Он сидел прямо, положив руки на колени. Пальцы — распухшие, синеватые — он спрятал в карманы, когда вошел. Начальник все равно заметил. Взгляд скользнул по ним, задержался на секунду, но вопросов не последовало.
— Мне нужно больше денег, — сказал Аянокоджи.
— Я знаю, — начальник вздохнул. — Я вижу, что вы стараетесь. Но есть границы, которые я не могу переступить. Мне жаль.
Мне жаль.
Слова, которые он слышал слишком часто в последние месяцы. От врача. От коллег. Теперь от начальника.
— Хорошо, — сказал он. — Я понимаю.
Он встал. Начальник хотел сказать что-то еще, но Аянокоджи уже повернулся к двери.
— Мсье Аянокоджи, — окликнул его начальник. — Вы… вы в порядке?
— Да.
Он вышел, не оглядываясь.
Вторую работу он нашел через три дня.
Продуктовый магазин в двух кварталах от дома. Маленький, с тусклой вывеской и вечно заедающей дверью. Хозяин, коренастый мужчина с седыми усами, долго разглядывал его руки, но спросил только:
— Болеть не собираетесь?
— Нет.
— Кассир нужен с пяти до одиннадцати. Платят мало. Устраивает?
— Да.
— Тогда завтра выходите.
Аянокоджи кивнул.
Теперь его день выглядел так: утро — отвести Тсубасу в сад. День — основная работа. Пять вечера — вторая смена. Одиннадцать ночи — домой.
Семь часов сна. Если повезет.
С садиком вопрос решился быстрее, чем он ожидал.
Роза согласилась забирать Тсубасу без колебаний.
— Конечно, конечно! — сказала она, когда он зашел к ним вечером. — Я все равно дома. И мне будет приятно. Он такой славный мальчик.

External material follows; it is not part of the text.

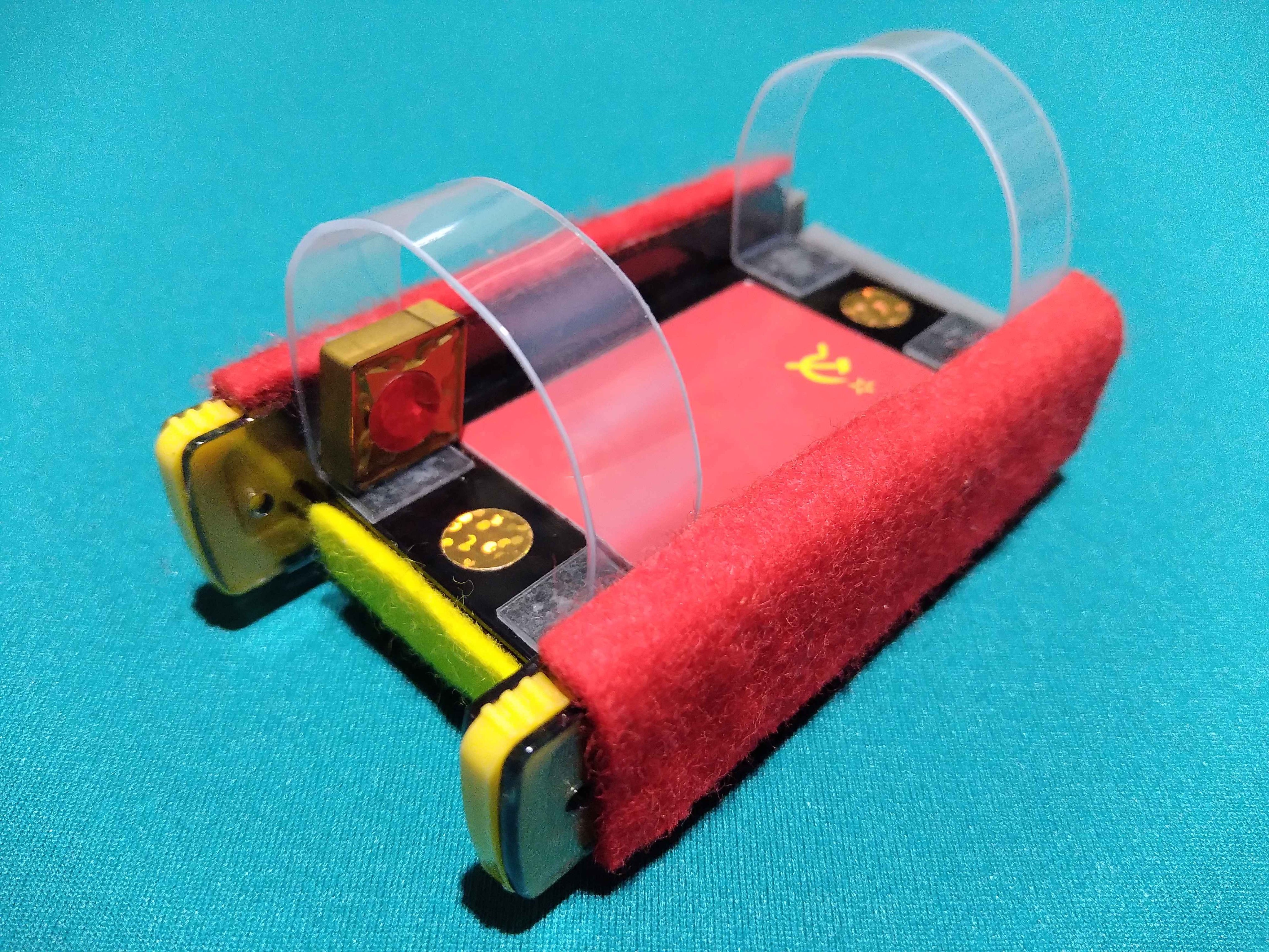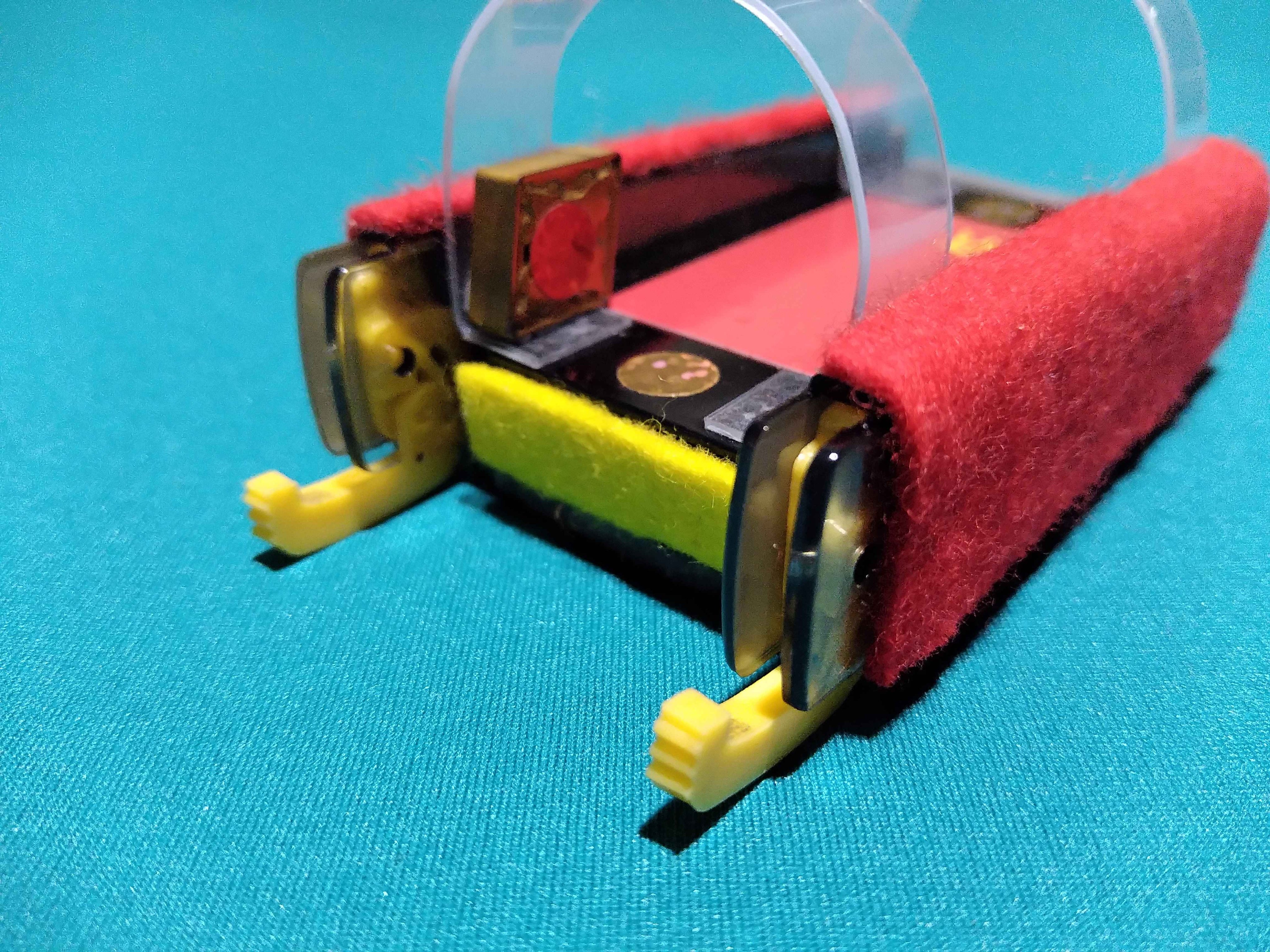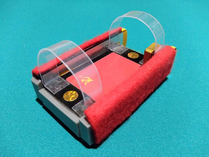 たたみねさん製フリックス「ツインミューブル レッドエディション」 コメントを残す Tweet Pocket へびのすねさんのツインミューブルをたたみねさんが独自のアレンジを加えて製作! 上部のアーチの素材をPET製に変更 両サイドのシャー芯ケースも違うバージョンにしている フロントもツラを揃えつつ、左に重心を寄せている リアのアームを可動させると、グリップが浮いて摩擦軽減し機動力が上がる シャーシは、オリジナルのものとほぼ同じギミックだが フッ素やテフロンでより滑らかになっている!

Она говорила быстро, почти радостно, и Аянокоджи видел, как ее глаза светятся. Для нее это было не одолжением. Это было чем-то большим.
— Спасибо, — сказал он.
— Не за что, — она мягко коснулась его руки. — Вы много работаете, мсье Аянокоджи. Не забывайте отдыхать.
Он не ответил.
Отдых был роскошью, которую он больше не мог себе позволить.
Тсубаса не обрадовался.
— Нет! — сказал он, когда Аянокоджи объяснил ему новое расписание. Мальчик стоял посреди комнаты, сжав кулаки. — Я не хочу!
— Тсубаса.
— Я хочу, чтобы ты меня забирал! — голос мальчика дрожал. — Только ты!
— Роза будет приходить за тобой. Она добрая.
— Я знаю, что она добрая! — Тсубаса топнул ногой. — Но ты — мой папа! Я тебя больше люблю! Я хочу только тебя!
Аянокоджи смотрел на сына.
Красные щеки. Сжатые губы. Глаза, в которых стояли слезы, но он сдерживался изо всех сил.
«Привязывается», — подумал Аянокоджи. «Слишком сильно».
— Я буду приходить поздно, — сказал он. — Ты уже будешь спать.
— Тогда я не буду спать! — Тсубаса выкрикнул это так, будто это было лучшим решением в его жизни. — Я буду ждать! Каждый день!
— Нет, не будешь.
— Буду!
— Тсубаса. — Аянокоджи опустился на корточки, чтобы оказаться с ним на одном уровне. Мальчик смотрел на него, полыхая гневом и обидой. — Ты будешь спать. И будешь слушаться Розу. Это важно.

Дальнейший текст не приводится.